We must know what and how to study. There is a limit to one’s energy, and one cannot learn everything. What officials should learn is based on the demands of their work and the gaps in their knowledge. We should study Marxism, especially our Party’s innovative theories in the new era, and the history of the CPC, the PRC, reform and opening up, and the development of socialism. We should build a basic knowledge of economics, politics, law, culture, social sciences, management, the environment, international relations and other fields. We should add new knowledge and skills that we need in work, establishing a complete knowledge system that is necessary for fulfilling duties.

Practice brings us true knowledge and makes us more capable. The undertakings of the Party and the country cover a wide range of fields. Leading officials will not always work in one position, and they cannot possibly be ready and fully prepared in knowledge and skills every time they are transferred to a new position. To learn at work and then apply what we have learned is the only way for officials to cultivate talent and grow.
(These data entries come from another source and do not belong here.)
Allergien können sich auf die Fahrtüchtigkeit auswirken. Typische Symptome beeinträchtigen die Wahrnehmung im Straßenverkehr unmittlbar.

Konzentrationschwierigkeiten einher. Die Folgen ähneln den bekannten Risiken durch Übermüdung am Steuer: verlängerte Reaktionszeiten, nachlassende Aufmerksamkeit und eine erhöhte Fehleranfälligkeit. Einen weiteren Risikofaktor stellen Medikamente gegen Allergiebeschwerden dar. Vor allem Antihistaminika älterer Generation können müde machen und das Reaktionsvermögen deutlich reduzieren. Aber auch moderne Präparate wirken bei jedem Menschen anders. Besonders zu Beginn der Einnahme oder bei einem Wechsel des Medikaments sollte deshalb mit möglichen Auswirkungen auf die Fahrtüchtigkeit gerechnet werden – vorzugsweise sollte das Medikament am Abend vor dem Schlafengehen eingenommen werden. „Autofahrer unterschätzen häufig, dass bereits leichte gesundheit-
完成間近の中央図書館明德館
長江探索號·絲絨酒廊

During the early days of the PRC, the central leadership appointed Xiao Jingguang as the commander-in-chief for the newly established navy. Xiao had never been involved with the navy before, and he could not even swim. He learned what he needed through his work, and accomplished the task assigned by the central leadership, building from scratch a navy that quickly grew stronger. This was also how many older revolutionaries developed the necessary expertise in economics, science and technology, diplomacy, and other fields. As our ancestors pointed out, “Through learning we improve ability, as through the whetstone knives are honed.”
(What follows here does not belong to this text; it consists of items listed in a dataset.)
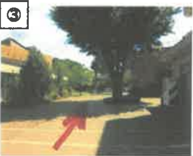
③ 大きなケヤキ左横を通り過ぎてください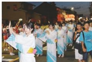
倉吉打吹まつり～みつぼし踊り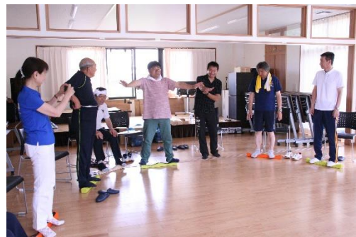
エムジョイでの体操の様子

エムジョイによるボール等を使った体操、脳をトレーニングするゲームなどを見学・体験しました。そのあと3組に分かれて「いつまでも『いきいき健康に暮らせる』まちづくりとは」のテーマに沿って、参加者の声を聞き取りました。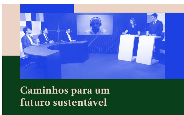
Caminhos para um futuro sustentável

O Conselho Superior de Direito da Federação se manifestou contra a aprovação do PL 752/2021, que aumentará a taxa judiciária recolhida ao TJSP e, conseqüentemente, prejudicará o acesso dos contribuintes ao Tribunal de Justiça de São Paulo. O custo judiciário do Estado paulista é o segundo maior do País!

Just as a seasoned coworker noted, the more you work at something, the better you become at it and the more you want to improve. Of course, the gains and progress you draw from study depend on how diligent you are and whether you are good at thinking and summing up experience. If you merely busy yourselves with mechanical effort, and allow yourselves to become bogged down in the quagmire of trivial and routine matters, you will hardly improve your knowledge and skills.

All of these points are critical for the healthy growth of younger officials. Living in a great age, you are a vital new force for the Party and the country. I hope you will add to your capabilities and become more confident and competitive. Do not go astray, fall behind, or drop out. I expect you to become the spine of our Party, to work in important positions and undertake great responsibilities for meeting the Second Centenary Goal. The Party and the people trust you, and look forward to the results of your hard work.


* Main part of the speech at the opening ceremony of a training program for younger officials at the Central Party School (National Academy of Governance) during its 2021 fall semester.